# vibration in push mower?



## kmincey (Jul 14, 2008)

Ok brand new mower bought it in may it's a troy built 21in cut with briggs engine. engine code (126t02-0675-b2)
I accendently ran over a rock with it and it has a little vibration in it now. I got a new blade HOPING it was the cause but the vibration is still there. I tried turning the blade looking for uneven turning but didnt see any thing. Is there a easyer way of telling if the crankshaft is bent?


----------



## dawgpile (Apr 28, 2008)

I'd consider replacing the blade holder also, which I'm making the assumption this has some form of.

Regarding the crank, the best way to check it is to measure the 'runout' with a dial indicator held against it while turning it. I realize you probably don't have that setup but a local shop should be able to do this test for you quite reasonably. However, unless you hit a really big rock, chances of the crank itself being bent are probably pretty small. Usually, other internal components will fail before the crank gets bent.

Keep in mind that one of the other things that intentionally happens when you hit something is the flywheel key will partially or fully shear. Since you indicated you can restart it, it is at most, only partially sheared. I would replace it without question, to be sure this is OK.
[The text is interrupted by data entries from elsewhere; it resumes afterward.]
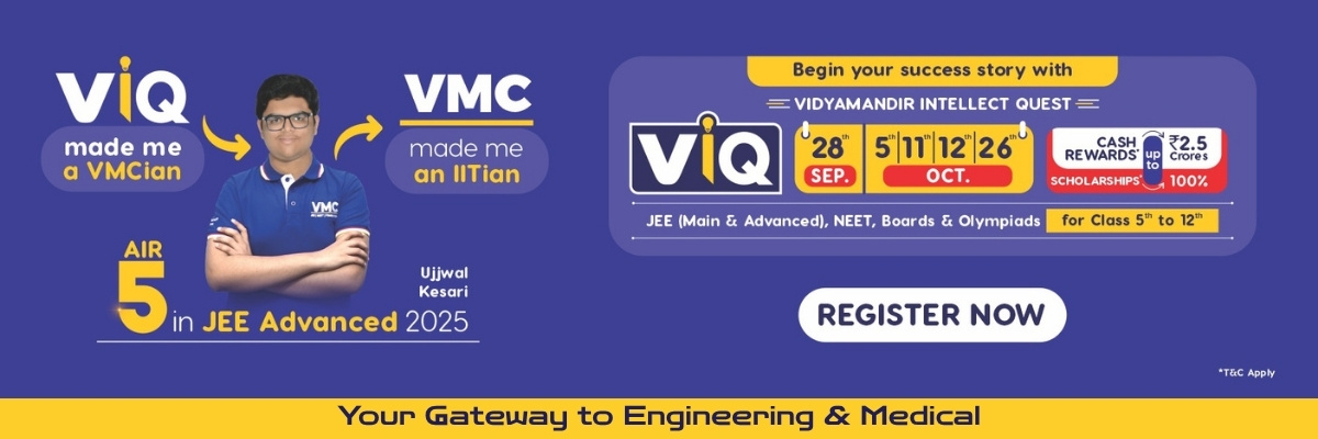 Vidyamandir Classes, the leading name in the country for over three and a half decades for the preparation of JEE, NEET, INSPIRE (erstwhile KVPY) NTSE, Boards & Olympiads brings an amazing opportunity for students of Class V, VI, VII, VIII, IX, X & XI (moving to Class VI, VII, VIII, IX, X, XI & XII in 2026) to pave their way towards an illustrious future with VMC’s biggest & most awaited exam Vidyamandir Intellect Quest Test (VIQ) which is scheduled to be held on 6th, 13th, 19th & 20th October 2024. This test will equip students with the VMC advantage that will allow them to explore their intrinsic potential and also open doors to a world of competitive & scholastic exams. In short, this test, in essence will firmly set them on the path of achieving their targeted goals and to an illustrious & bright career.
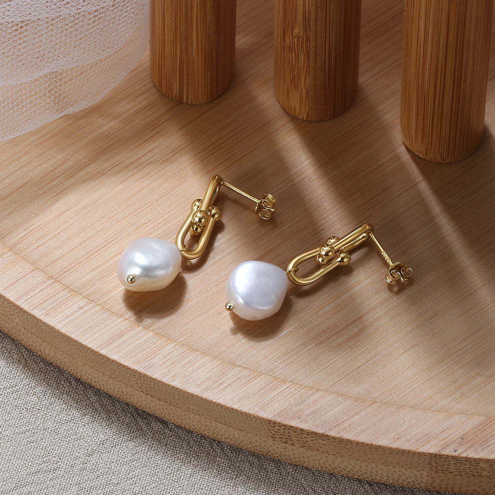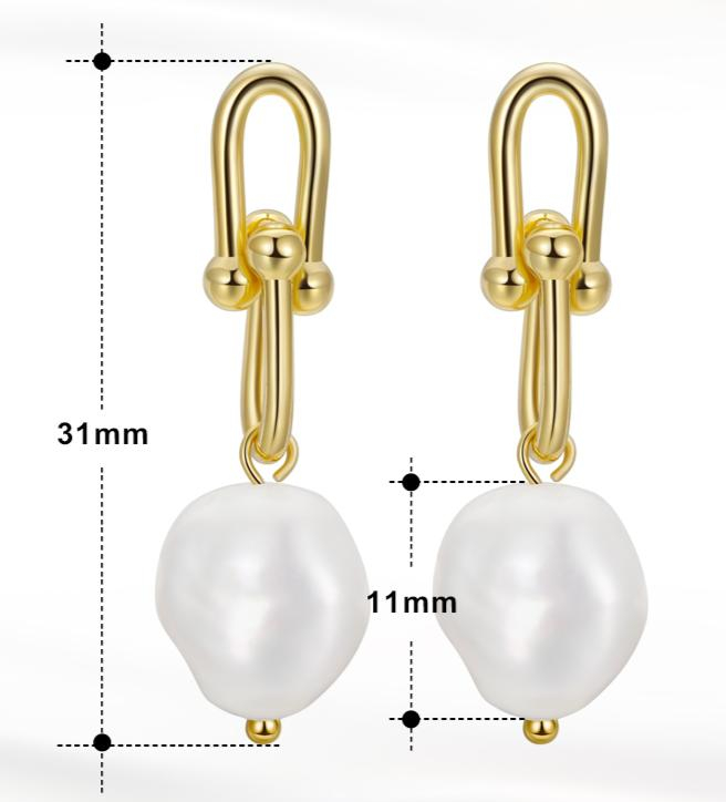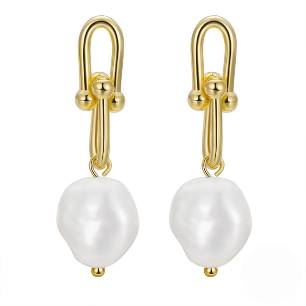 Cercei Link din argint placat cu aur 14k și perle de cultură – design modern
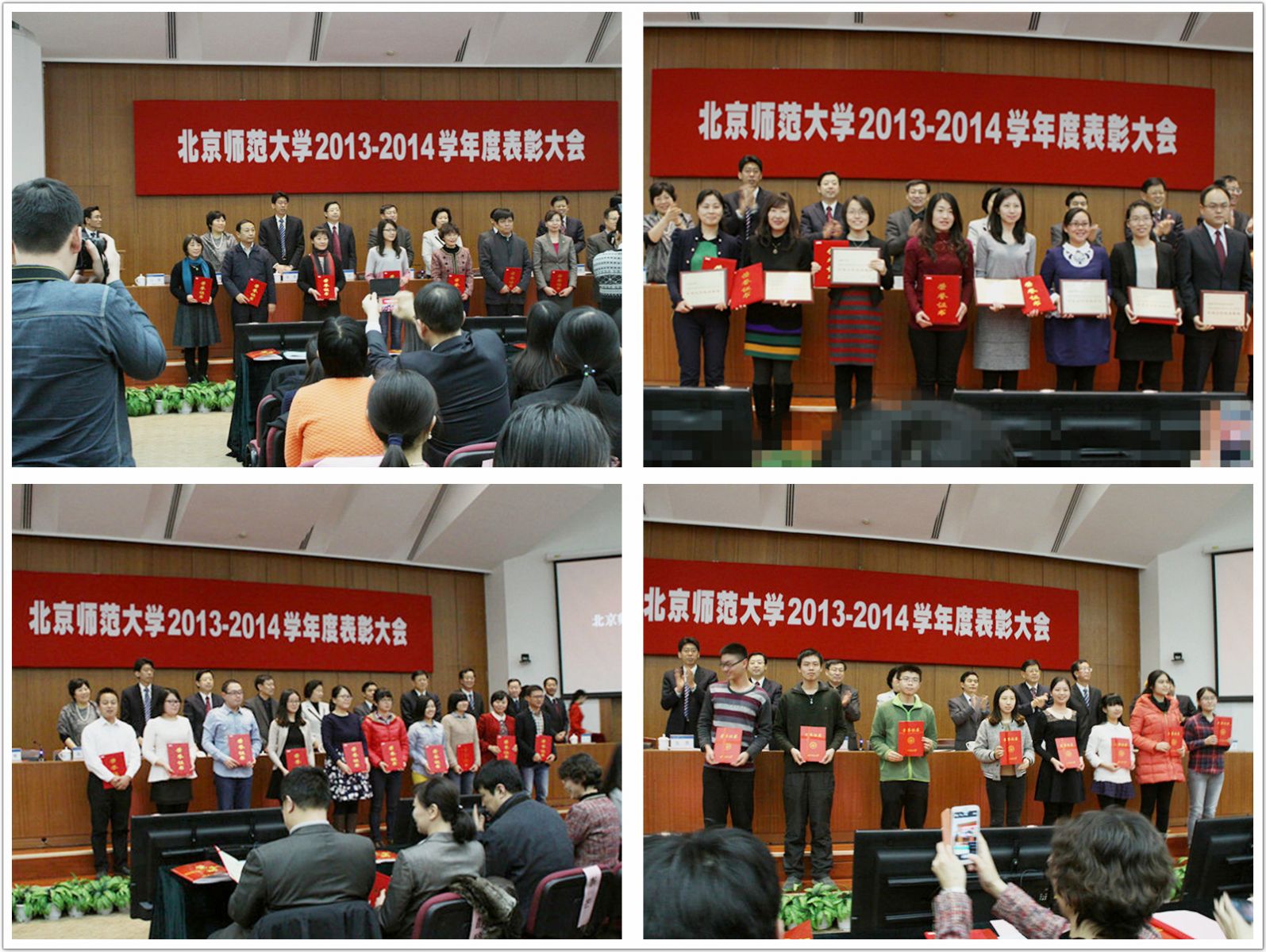 12月30日下午,学校2013—2014学年度表彰大会在英东学术会堂隆重召开。党委书记刘川生、校长董奇等校领导出席大会。我院姚梅林教授作为“十佳师德标兵”、分党委副书记王瑞敏老师作为“学生工作先进个人”、2012级班主任曹昌健老师作为污污漫画 “十佳辅导员”、2011级本科生苗芃作为国家奖学金获奖代表分别上台领奖。 以下为获得学校表彰的先进集体及个人。 一、教师先进集体及个人 姚梅林老师获评“十佳师德标兵”荣誉称号; 彭华茂老师获评“励耘奖学基金(优秀教师)二等奖”; 胡清芬老师获评“通鼎青年教师奖(本科教学奖)”; 心理学院在院系学生工作考评中被评为“学生工作先进集体”; 分党委副书记王瑞敏被评为“学生工作先进个人”; 分团委书记曹昌健老师获评首都“先锋杯”优秀基层团干部; 2012级本科生班主任曹昌健老师获评污污漫画 “十佳辅导员”、“优秀辅导员”; 2011级本科生班主任解妍获评“优秀辅导员”。 二、学生先进集体及个人 心理学院2012级师范班获评北京市先进班集体、北师大一等优秀班集体; 心理学院2012级非师范2班获评北师大一等优秀团支部; 心理学院2013级2班等4个班级获评北师大二等优秀班集体; 心理学院2012级非师范1班等4个班级获评北师大二等优秀团支部; 心理学社获评北师大二等优秀团支部; 心理学院2012级博士班、2013级应用心理硕士班获评北师大先进班集体; 本科生第二党支部获评京师先锋号党支部二等奖; 学十二楼410等8个本科生宿舍获评文明宿舍; 2011级非师范班团支书苗芃荣获了首都“先锋杯”优秀基层团干部; 陈美玲获评北京市三好学生; 闫子临、左世江(硕)获评华为奖学金; 张博(硕)、何丽(博)获评通鼎优秀研究生奖学金; 黄真真、肖红蕊(硕)、黄雅梅(博)获评励耘奖学金; 马洁、门金泽(硕)获评京师校友金声奖; 庄丹琪(硕)获评合利屋社会实践奖学金; 苗芃等17人获评国家奖学金; 方昱沣等12人获评国家励志奖学金; 陈品儒等168人获评京师奖学金; 郭海英等56人获评研究生优秀学业奖学金; 姚远维等2人获评学术奖学金; 全然等6人获评竞赛奖学金; 周诗怡获评京师先锋党员; 毛晓飞(硕)获评优秀国防生; 向志圆等3人获评优秀免费师范生; 万薇洁等27人获评三好学生; 刘欢等16人获评优秀学生干部; 文雯等25人获评优秀团员; 张鑫等3人获评社会实践单项奖; 陈基越等28人获评社会工作单项奖; 鹿飞宇等4人获评文体之星单项奖; 李超等8人获评志愿服务单项奖; 濮冰燕等7人获评研究生社会实践奖学金; 朱亿萧等13人获评优秀研究生干部。

Let us know what you find out....


----------



## light mechanic (Jul 18, 2008)

I would say that if you changed the blade and it still has viberation it is the crankshaft bent, remove the spark plug wire, or even remove the plug, so you don't get an accident start, with your new blade on there turn the engine and see if the blade when turned 180 degrees is at the same spot on a fixed spot under the deck, if it does not come to the same height it is bent, I have a homemade crankshaft straightner just finished doing one today, it ran but was out 25 thousands, third pull I get it to 0, charge 30 to do that kind of job, let us know what you end up with, good luck, light mechanic


----------



## kmincey (Jul 14, 2008)

Thanks for the help dawgpile and lightmechanic,Sorry it took so long to wright back vaction and stuff. But any ways I took the fly wheel off and the key was alittle messed up. So I put in a new one and now it runs like it should. I don,t feel the vibration any more so the crank should be fine


----------



## light mechanic (Jul 18, 2008)

glad for you, that what you called hitting it just right, I went by a Lawnmower shop this Friday there was a young fellow that had a new push mower, first time he used it and hit something in the grass, the fellow at the shop told him, cost less to throw it away than to fix a $ 250.00 dollar mower, the young man did not get up set just looked disapointed, he had on a Army uniform, said to the owner of the shop if he did not mind that I would straighten the shaft for free and the shop gave him a new blade at no cost, I brought it back there for him to pick up Saturday, they said he was so happy, so glad to be able to help, light mechanic


----------



## newz7151 (Oct 15, 2006)

*********


----------



## ldj1002 (Oct 13, 2007)

newz,
I have straightened many, many crankshaft in the past 55 years and know of many others that have and never saw or heard of one braking. Those cranks are made of soft material.


----------



## wheelerman (Jul 19, 2007)

Straightening a crank is not a problem untill someone is injured.Then it's a huge problem that will cost you everything.just don't do it.


----------



## ldj1002 (Oct 13, 2007)

I think that small bolt holding the blade on that has threads cut in it is much more likely to fail causing a blade to go flying through the air than a straightened crankshaft. I think that at least those bolts should be rolled, not cut threads. But, what do I know?


----------



## 30yearTech (Sep 14, 2006)

ldj1002 said:


> But, what do I know?


?????



ldj1002 said:


> think that small bolt holding the blade on that has threads cut in it is much more likely to fail causing a blade to go flying through the air than a straightened crankshaft. I think that at least those bolts should be rolled, not cut threads.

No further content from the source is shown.